Midway through the series, the event shifted venues from the Hammer Museum to the Academy of Motion Pictures Arts and Sciences to salute Vietnamese director and veteran of Vietnam’s film industry, Dang Nhat Minh. Minh was born in 1938 in the city of Hue and is renowned for films set amidst the backdrop of the Vietnam war as seen through the eyes of the Vietnamese. The evening’s feature presentation was Minh’s 2000 film, The Guava House, and in attendance were fellow cineastes Stephane Gauger, Le Thanh Son, Phan Dang Di and Nguyen Vinh Son who all participated in a roundtable discussion with host Phil Alden Robinson, the Academy’s Vice President and Governor. Minh made a thank you speech later on in the evening confessing he was surprised to have been selected for the great honor and never dreamed that it would happen. Furthermore, he didn’t see it as an honor solely for him, but for the entire film industry in Vietnam. A few other revelatory highlights from his speech:

*He developed his identity as filmmaker in an industry that had only produced 10-15 features a year.

*In the 1970s when he began making movies, the only film studio and distributor was the government, who provided funding to serve the national cause. As such, movies were not considered entertainment in the country.

*Now in 2010, much has changed considerably since the renovation towards a market economy. The government funds only one feature a year now.

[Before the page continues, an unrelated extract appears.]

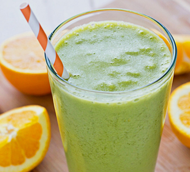 Предварительно вынуть йогурт и шпинат из холодильника, чтобы они согрелись до комнатной температуры. Банан очистить и крупно порезать. Выжать сок из апельсинов. Взбить в блендере все составляющие.

A private film industry has been established where 70% of films are now privately funded and distribution is 100% privately funded.

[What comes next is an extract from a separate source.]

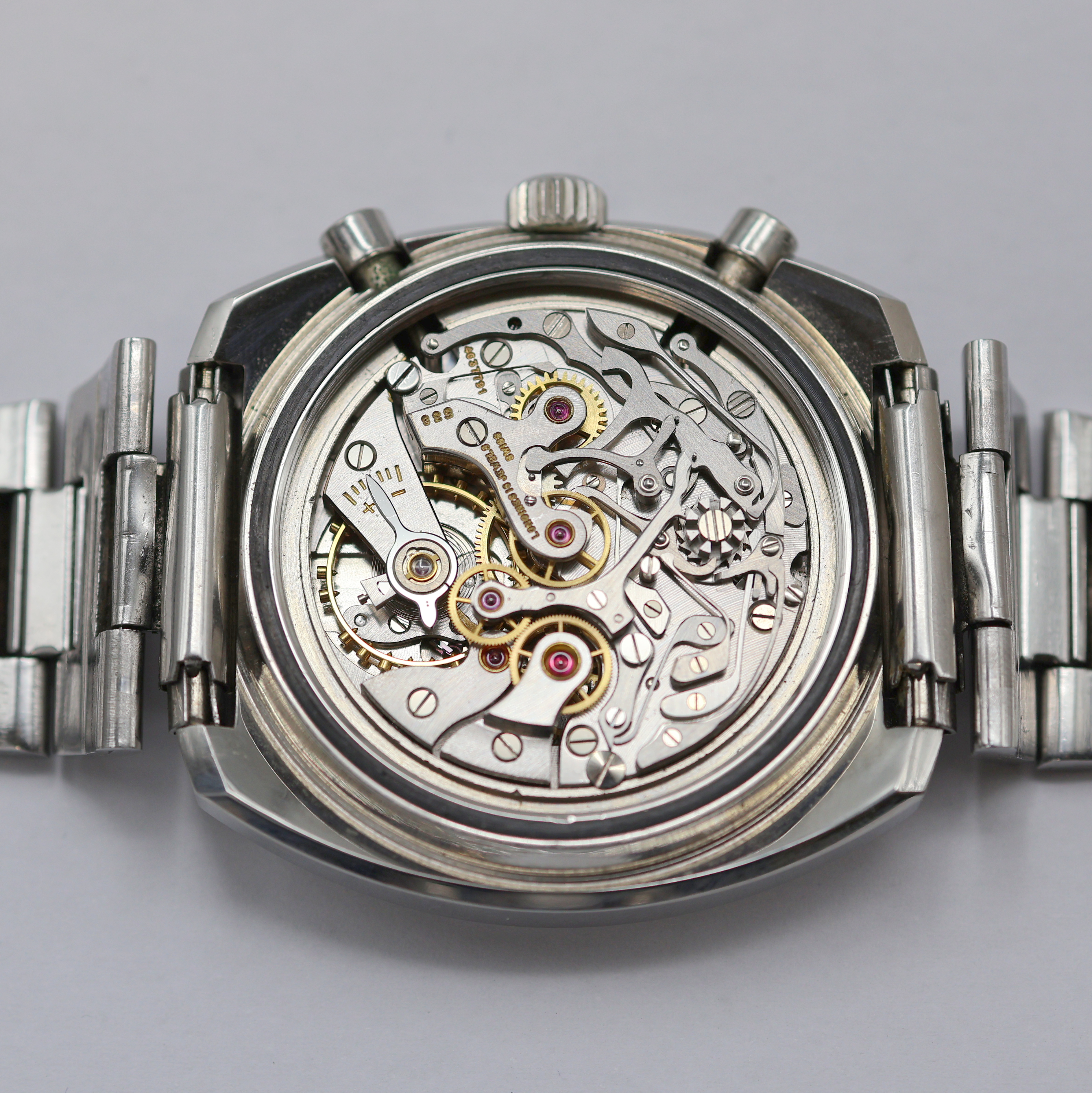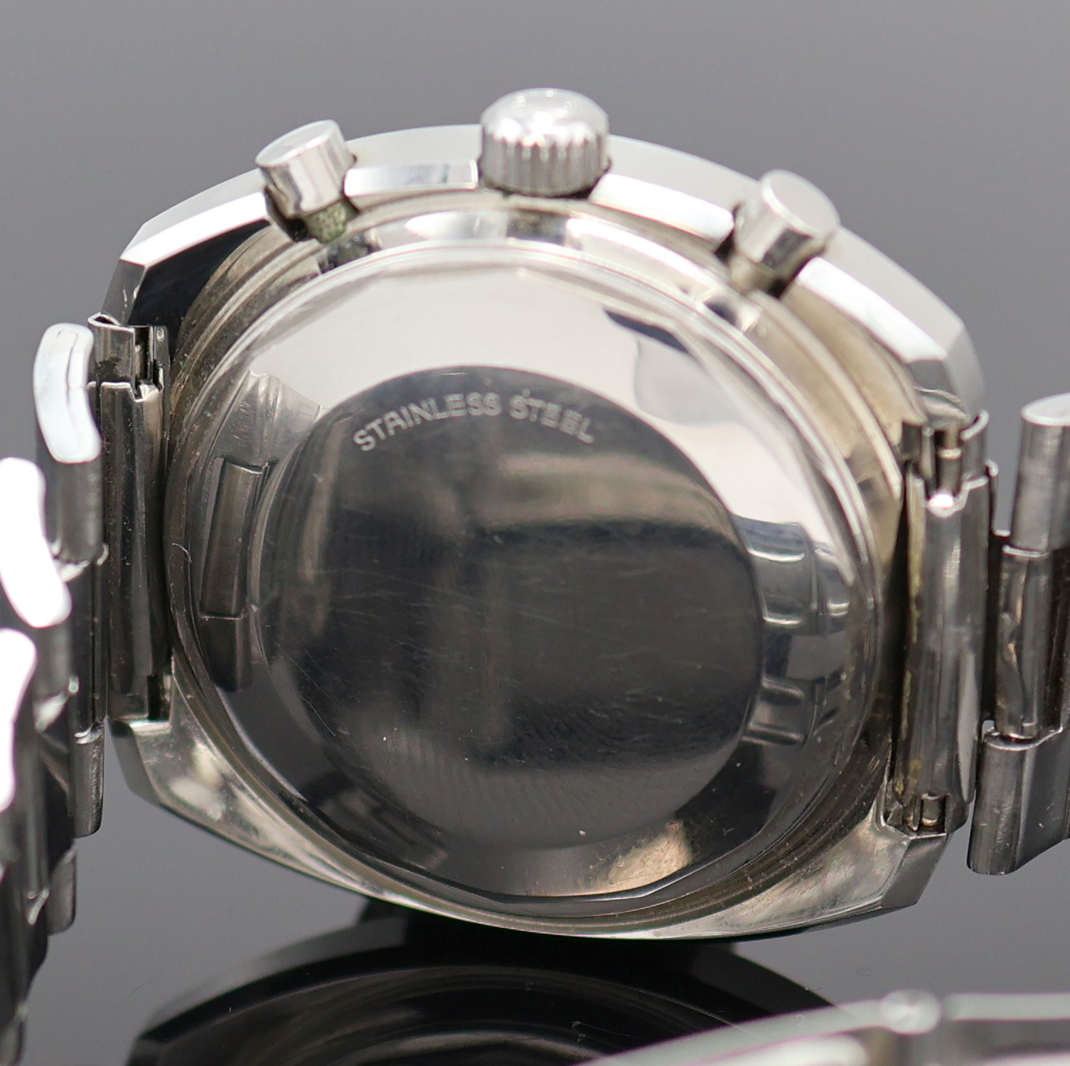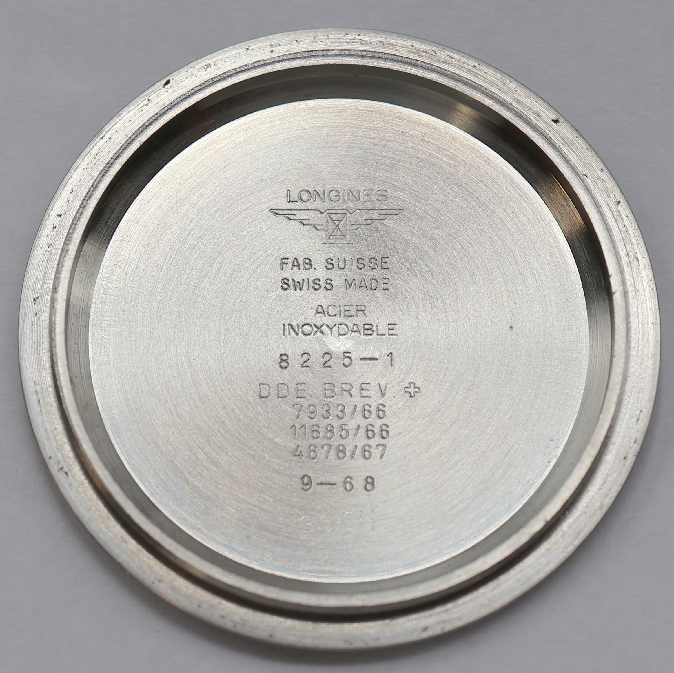 LONGINES Taucher-Chronograph Kaliber 538 mit Flyback in Stahl Referenz 8225, Schweiz lt. beil. Stammbuchauszug 1969 gefertigt, großes verschr. Geh., orig. Gliederband m. Faltschl., orig. Drücker u. Krone, schwarz. Fadenkreuz- Zifferbl., Leuchtindizes u. Zeiger, 30-Min- Zähler b. 3, gelber Nonius-Zeiger f. zentr. Stoppsek., rhod. Werk Kal. 538(30CH), kantenpol. Kadratur, Gluc.-Unruh m. Breg.- Spir., 18 Steine, D. ca. 43 mm, L. ca. 20 cm, EZ 2, aus Sammlungsauflösung

*Minh rarely watches his own films as he tends to only see the shortcomings in them. He doesn’t sees himself as an innovator of cinematic style—merely an honest storyteller. His sole concern is to tell the stories of his people.

The final film to cap off “New Voices from Vietnam” was Stephane Gauger’s The Owl and The Sparrow (2007). It is a Cassavetes-style, Shirley Temple-esque movie about three lonely, disparate characters in modern day Ho Chi Minh City. What happens when you take a zoo keeper, a flight attendant, and a meddling 10-year-old runaway and mix them together?  A saccharine induced movie just looking to pull at your heartstrings and appeal to the feel-good indie crowd. It’s charming, yeah. It’s sweet, yeah. It’s sentimental, yeah, but it truly remains a modest, predictable venture for this cinephile’s tastes and sensibilities. Cat Ly is still a stunning and convincing performer, however, and the captured sights and sounds of HCMC is a feast for the senses.

[1] Just to name a few for the sake of naming a few, reverence goes to the usual suspects of CCC: Tsai-Ming Liang, Hou Hsiao-hsien, Hirokazu Kore-eda, Carlos Reygadas, Lisondro Alonso, Apichapong Weerasethakul (but, please, just call him Joe).

Michelle Ton is a graduate student of Cinema and Media Studies in the Department of Film and Television at UCLA and is a first- time contributor to diaCRITICS. She lives and works in Los Angeles.